Data section START

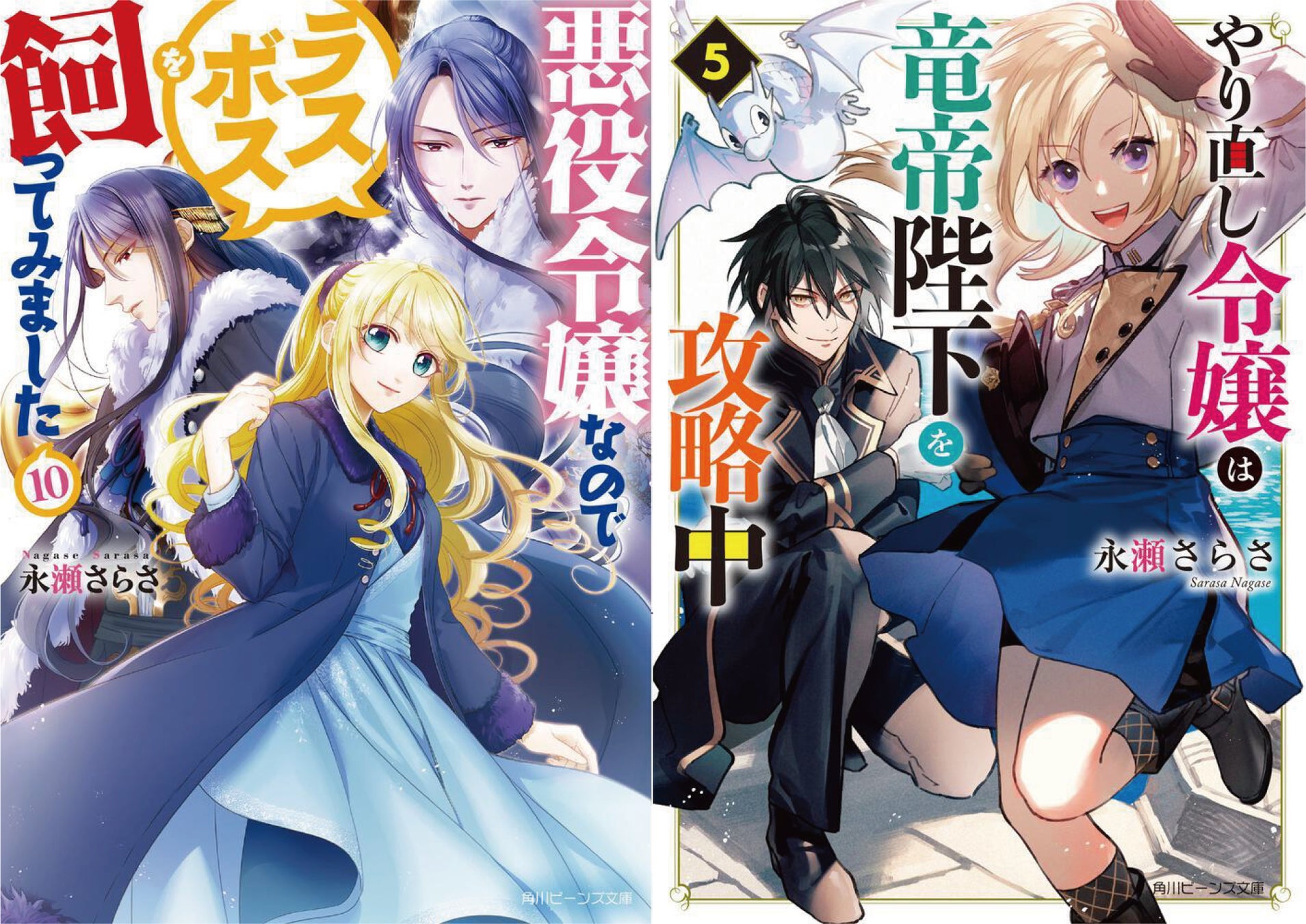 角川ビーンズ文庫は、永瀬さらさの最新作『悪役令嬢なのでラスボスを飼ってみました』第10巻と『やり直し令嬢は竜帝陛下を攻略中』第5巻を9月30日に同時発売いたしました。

Data section END
Data section START

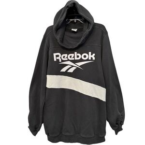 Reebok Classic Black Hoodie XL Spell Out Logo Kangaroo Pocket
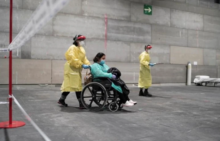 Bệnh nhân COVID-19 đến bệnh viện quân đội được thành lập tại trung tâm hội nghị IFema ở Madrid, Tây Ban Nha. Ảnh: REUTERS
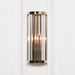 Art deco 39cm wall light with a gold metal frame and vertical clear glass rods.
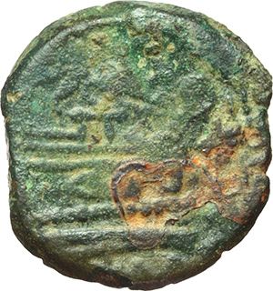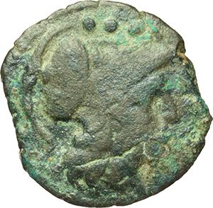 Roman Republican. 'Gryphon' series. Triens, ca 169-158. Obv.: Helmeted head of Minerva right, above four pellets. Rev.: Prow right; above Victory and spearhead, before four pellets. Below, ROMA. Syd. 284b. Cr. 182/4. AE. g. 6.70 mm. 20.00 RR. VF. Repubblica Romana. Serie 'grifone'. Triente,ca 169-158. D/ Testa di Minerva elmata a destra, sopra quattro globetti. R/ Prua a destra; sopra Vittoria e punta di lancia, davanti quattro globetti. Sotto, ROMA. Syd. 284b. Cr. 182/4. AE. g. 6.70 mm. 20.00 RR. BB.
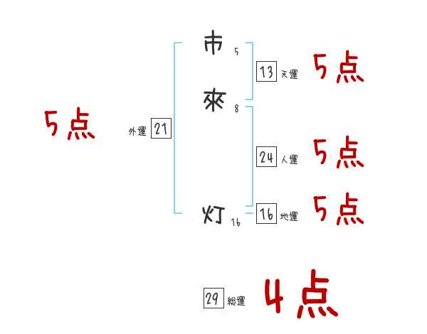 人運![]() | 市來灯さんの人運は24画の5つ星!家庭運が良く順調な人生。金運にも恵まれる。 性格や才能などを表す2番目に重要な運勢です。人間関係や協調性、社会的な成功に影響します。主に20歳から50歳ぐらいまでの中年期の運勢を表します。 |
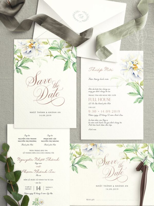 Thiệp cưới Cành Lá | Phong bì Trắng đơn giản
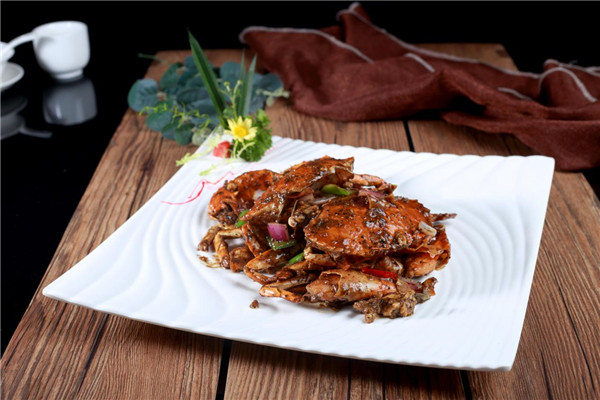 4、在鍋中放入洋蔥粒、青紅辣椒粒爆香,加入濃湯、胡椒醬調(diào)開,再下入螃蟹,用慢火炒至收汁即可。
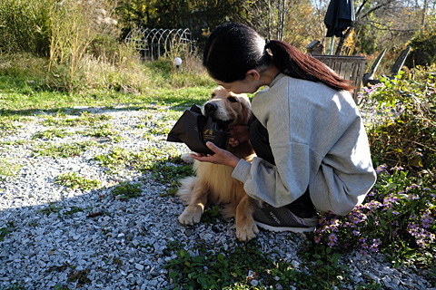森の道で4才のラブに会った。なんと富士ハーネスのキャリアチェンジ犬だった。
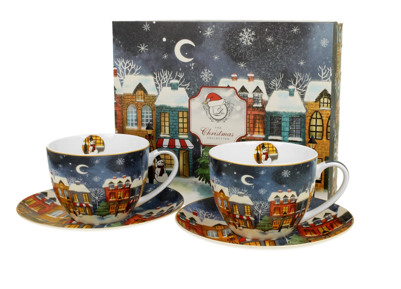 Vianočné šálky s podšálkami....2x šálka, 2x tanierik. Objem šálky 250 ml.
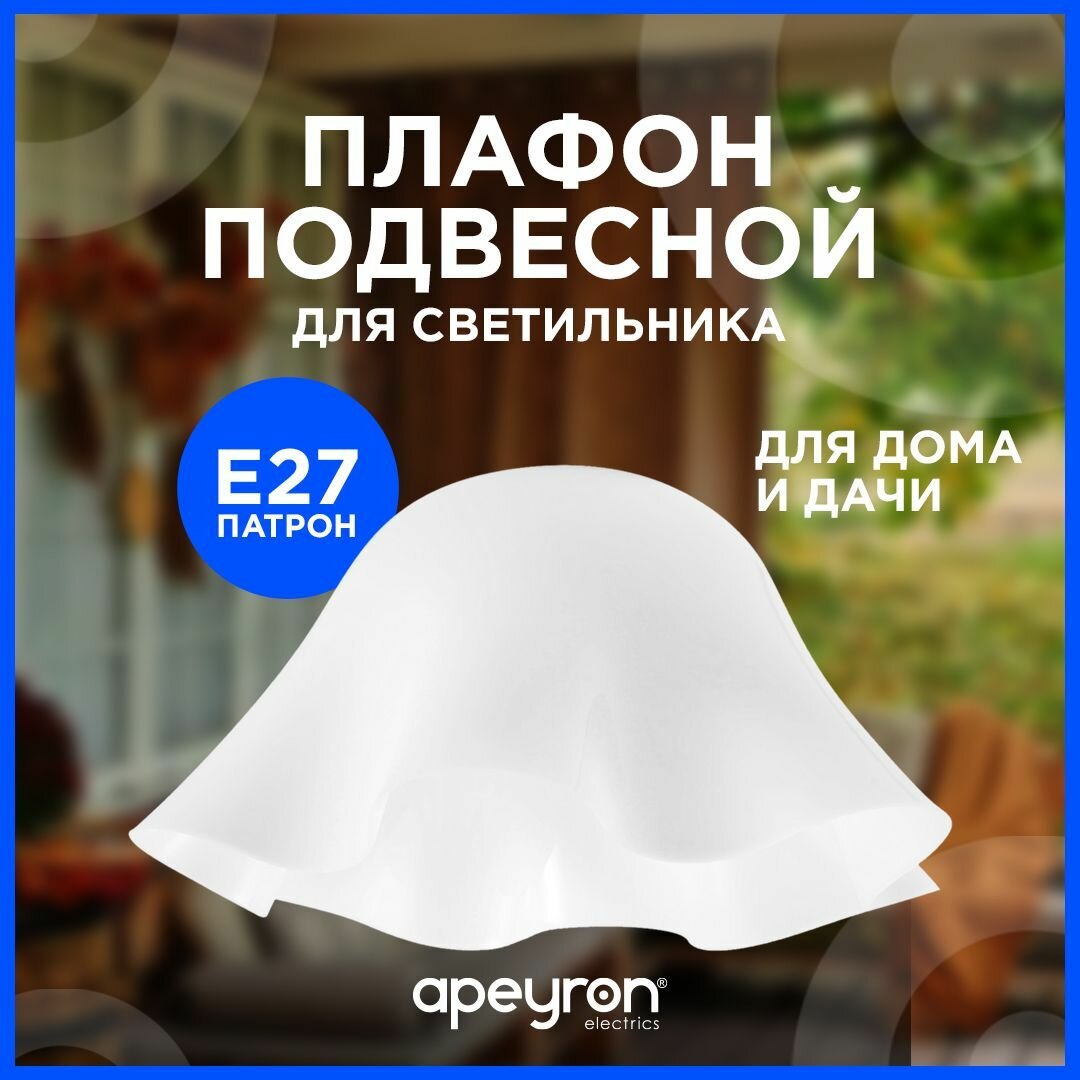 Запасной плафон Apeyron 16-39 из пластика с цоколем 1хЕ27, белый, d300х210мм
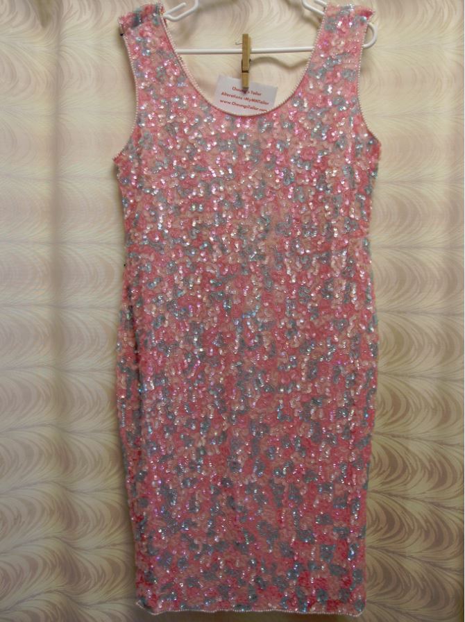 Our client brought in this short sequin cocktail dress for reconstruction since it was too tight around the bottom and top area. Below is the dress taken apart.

Data section END
Data section START

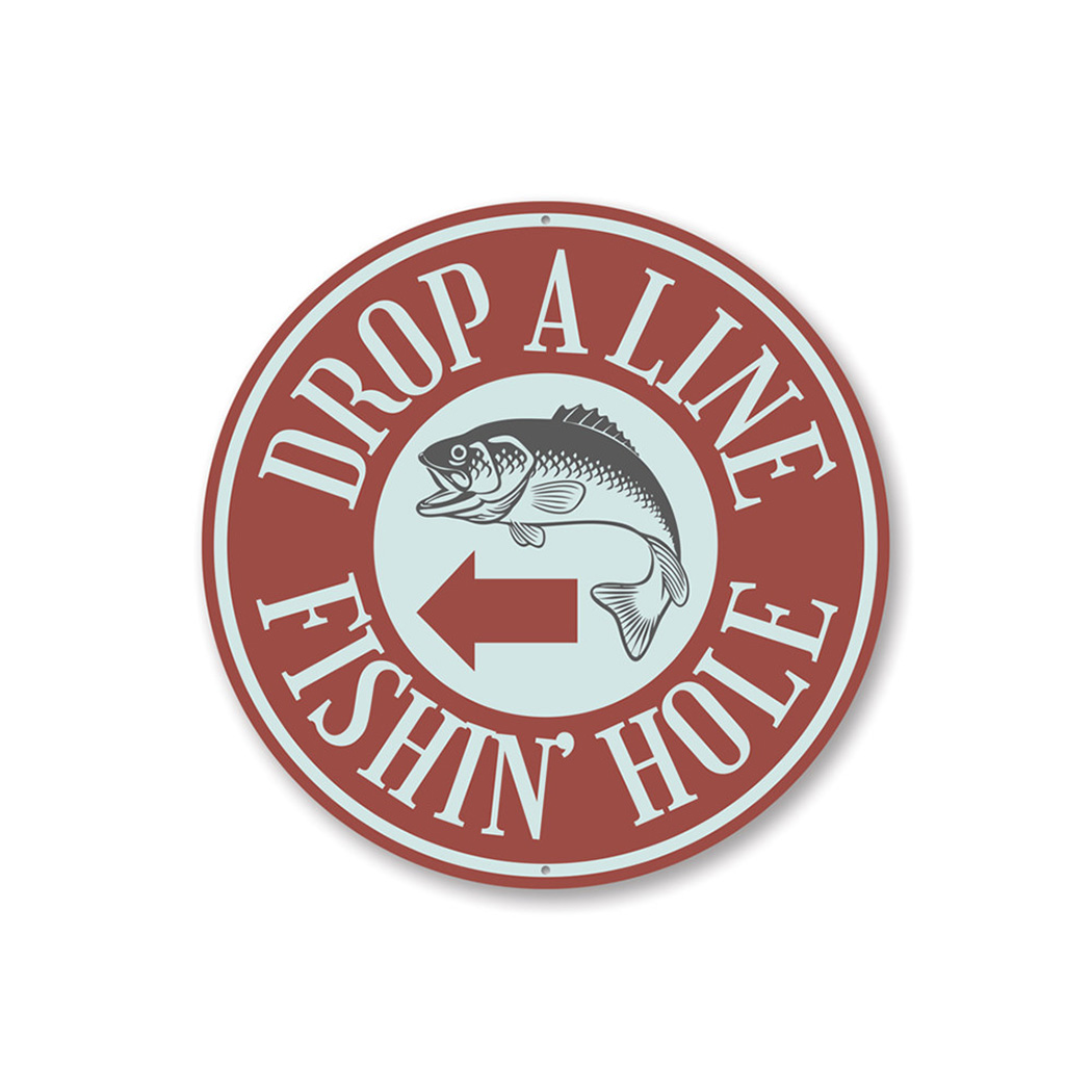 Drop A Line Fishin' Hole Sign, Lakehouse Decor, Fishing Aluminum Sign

Data section END

> [Instructions for the task] Quote the lines above exactly, starting with the one that has "森の道で4才のラブに会った。なんと富士ハーネスのキャリアチェンジ犬だった。" and ending with the one that has "Our client brought"; drop the pictures and include nothing else.

> [Answer for the task]
森の道で4才のラブに会った。なんと富士ハーネスのキャリアチェンジ犬だった。
 Vianočné šálky s podšálkami....2x šálka, 2x tanierik. Objem šálky 250 ml.
 Запасной плафон Apeyron 16-39 из пластика с цоколем 1хЕ27, белый, d300х210мм
 Our client brought in this short sequin cocktail dress for reconstruction since it was too tight around the bottom and top area. Below is the dress taken apart.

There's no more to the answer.